# Functions

## Calling functions

Previously, we have already made use of many built-in functions to facilitate programming, such as `range()`, and `len()`. 
A function is a block of code with input arguments (and, optionally, return values). In Python ( and many other languages), a function call is as the following:

```python
>> output = function(input_argument)
```

For example, the `range` is a function that creates a list of consecutive numbers

In [8]:
out = range(4)
list(out)

[0, 1, 2, 3]

sum() is another function that sums up the numbers in a list

In [9]:
a = [1,2,3]
sum(a)

6

The output of one function can be the input to another, for example:

In [10]:
sum(range(4))
range(len('Target'))

range(0, 6)

#### Define our own functions

Let's now try make our own functions.

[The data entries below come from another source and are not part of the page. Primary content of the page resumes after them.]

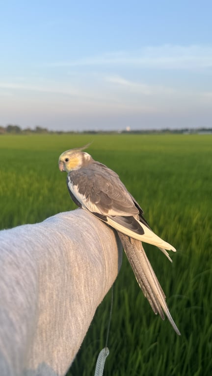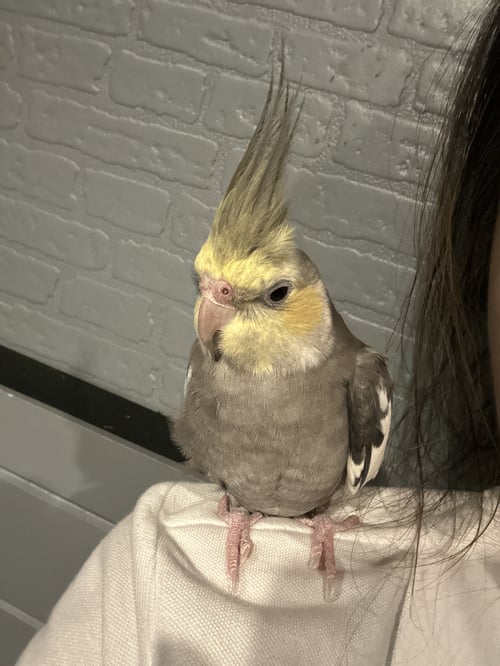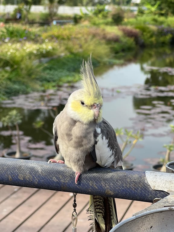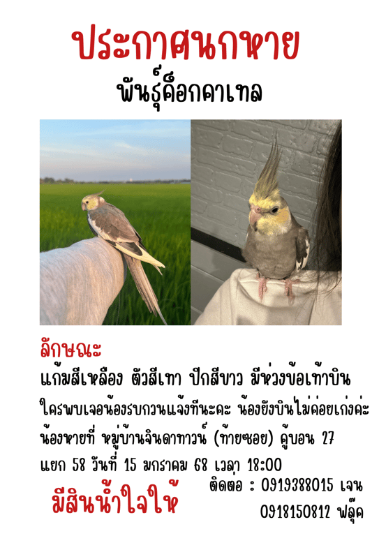 รอยตำหนิ: แก้มสีเหลือง หัวมีหงอน ตัวสีเทา ปีกสีขาว มีห่วงข้อเท้าบินติดคน ตกใจง่าย ขี้อ้อน
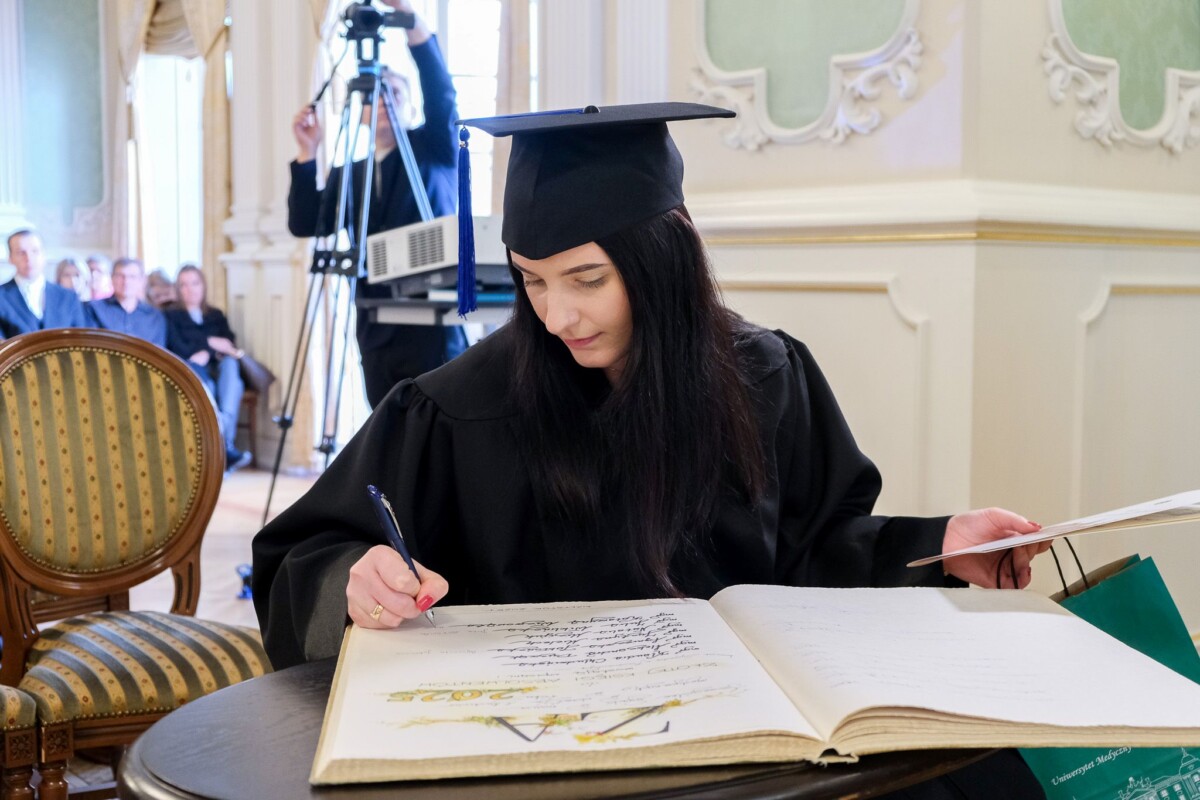 Nim rozdano dyplomy, specjalne wyróżnienia – Honorowy Dyplom Rektora UMB – odebrali absolwenci różnych kierunków z WNoZ, których średnia z całych studiów osiągnęła co najmniej 4,75. Jednocześnie ich nazwiska zostały wpisane do Złotej Księgi Absolwentów Wydziału Nauk o Zdrowiu.
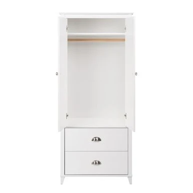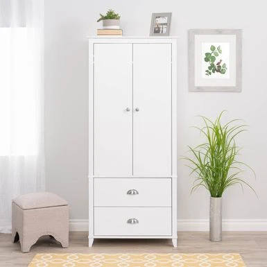 Organize your clothing with ease using the Prepac Yaletown 2-Door Armoire. This stylish armoire features six-way adjustable hinges, allowing for easy accessibility to the wooden hanging rod and upper shelf. The two large drawers below provide ample space for folded clothes, while the brushed nickel pulls and knobs add a touch of sophistication. Made with durable laminate and non-toxic, CARB-2 compliant materials, this armoire is as sturdy as it is safe.
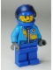 Dark Azure Racing Jacket with Zipper and Yellow Lightning Bolt Pattern, Blue Helmet, Trans-Brown Visor
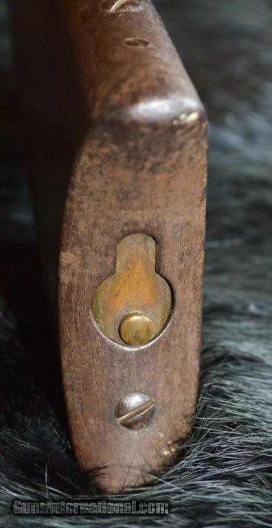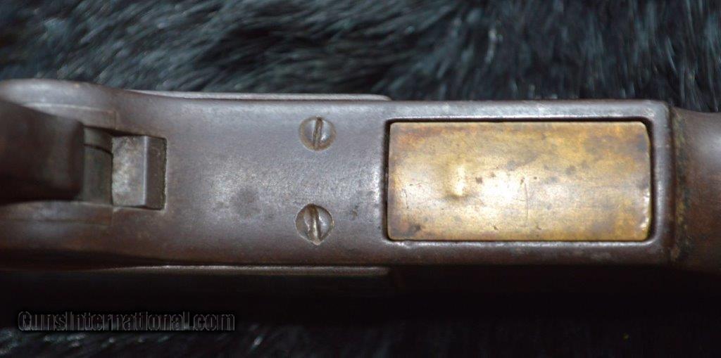 Description: This Winchester rifle is an example of the gun that won the West, the Winchester model 1873. It has solid walnut stock and forend with no visible cracks. The 28 inch barrel, 4 inches longer than standard, makes up a small percentage of Model 1873s produced. The rifle is chambered in 38 WCF (38-40) , which is an uncommon centerfire cartridge available in this model. Made in 1887, SN 233357, it is in so, so condition for being 137 years old. The gun did not have wonderful care, as there are handling marks in the wood, although the stampings are mostly clear and legible. The blue of the barrel has drifted to a brown patina, the magazine tube retaining a little more blue. The receiver and lever have hardly any amount of case color left, not too much on the hammer, butt plate, and forend cap. The action is missing some parts, but those should be easily located and replaced by any good Winchester man. The gun will half cock, full cock and dry fire. The bore of the long barrel is not very good, quite dull with soft riflings. The rear sight is the early type, with knurled sides to diffuse glare. There is no dust cover. The butt plate does have the cleaning rod window. I was going to begin a full restoration of this gun, but I have decided I have too many projects to pursue that. If you have been looking for the right '73 to collect, for investment, or for that nostalgic hunt, but want add a less than deluxe model to restore, then look no further. SOLD |
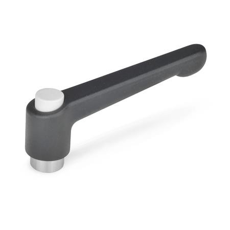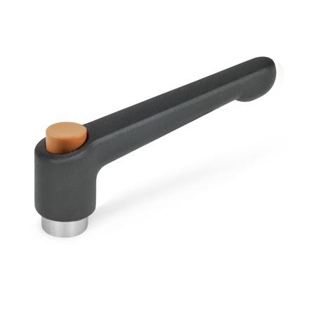 These adjustable hand levers, GN 303.1, are ideal whenever parts have to be clamped in a confined space or in a particular lever position. The centre insert is connected to the lever via serrations which can easily be disengaged, with the push button design element making disengagement particularly easy. Its use is limited to applications where dismantling of the lever for installation is not required.
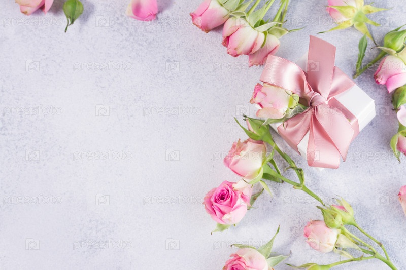 Подарочная коробка и цветы
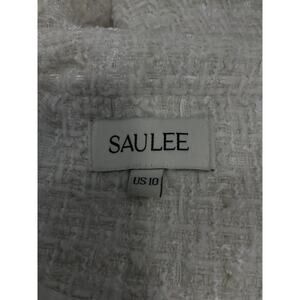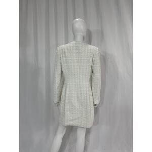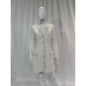 Sau Lee 'Audrey' White Dress Size 10: fully lined, acrylic pearl front button closure, front pockets, tweed fabric with frayed trim.
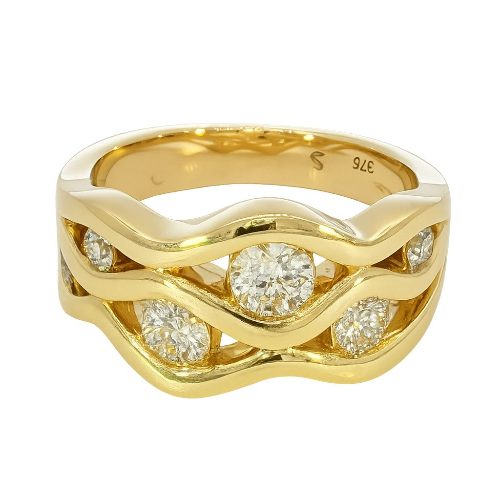 Flowing Waves Gold Diamond Ring. Design No: 3123
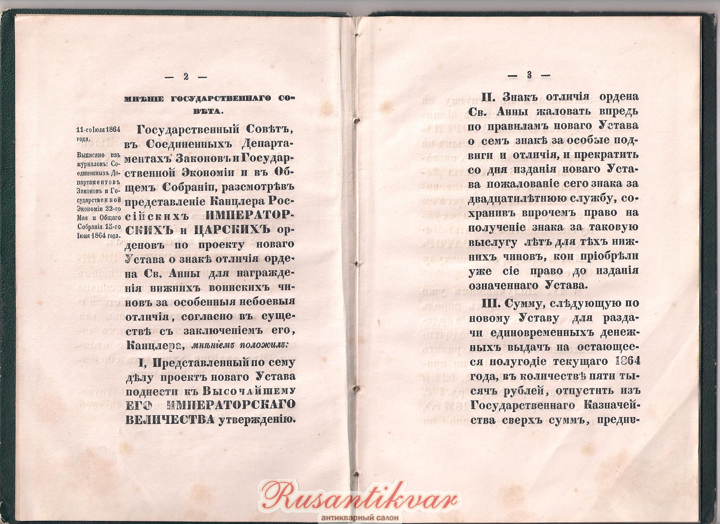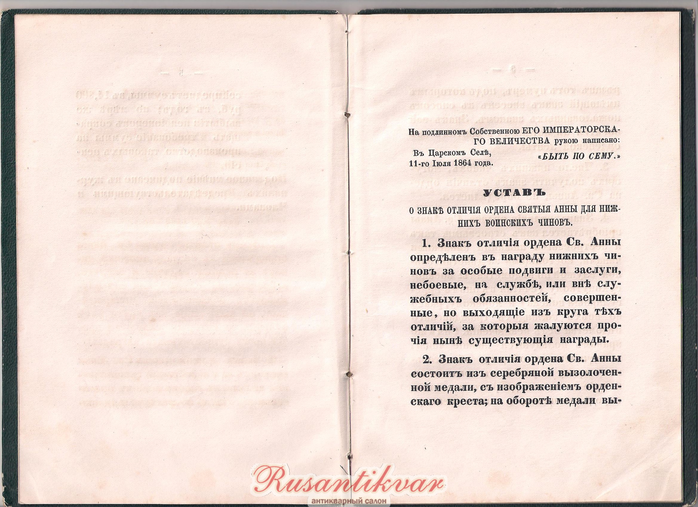 "Устав о знаке отличия ордена Св.Анны для нижних чинов и правило о думе сего знака 1864 год".

Before that, we need to be clear on the structure of a function
```python
def func_name(arg1, arg2, arg3):
    output = arg1 + arg2 + arg3
    return output
```

\* *`return output` is not required*

In the following example, we make use of `sum`, a built-in function to sum up numeric iterables.

In [11]:
def mySum(list_to_sum):
    return sum(list_to_sum)

In [12]:
mySum(range(5))

10

A more complicated one that does not use `sum` function.

In [69]:
def mySumUsingLoop(list_to_sum):
    sum_ = 0
    for i in list_to_sum:
        sum_ = sum_ + i  #same as sum_ += i
    return sum_

Let's call that function

In [14]:
mySumUsingLoop(range(5))

10

*The two example functions are not doing anything interesting but just served as illustrations to build customized functions.*

---

# Libraries

Often times, we need either internal or external help for complicated computation tasks. In these occasions, we need to _import libraries_. 

## Built-in libraries

Python provides many built-in packages to prevent extra work on some common and useful functions

We will use __math__ as an example.

In [15]:
import math # use import to load a library

To use functions from the library, do: `library_name.function_name`. For example, when we want to calculate the logarithm using a function from `math` library, we can do `math.log`

In [70]:
x = 3
print(math.exp(x))
print(math.log(x))

You can also import one specific function:

In [17]:
from math import exp # You can import a specific function
print(exp(x)) # This way, you don't need to use math.exp but just exp

20.085536923187668


Or all:

In [18]:
from math import * # Import all functions

In [19]:
print(exp(x))
print(log(x)) # Before importing math, calling `exp` or `log` will raise errors

20.085536923187668
1.0986122886681098


Depending on what you want to achieve, you may want to choose between importing a few or all (by `*`) functions within a package.

## External libraries

There are times you'll want some advanced utility functions not provided by Python. There are many useful packages by developers.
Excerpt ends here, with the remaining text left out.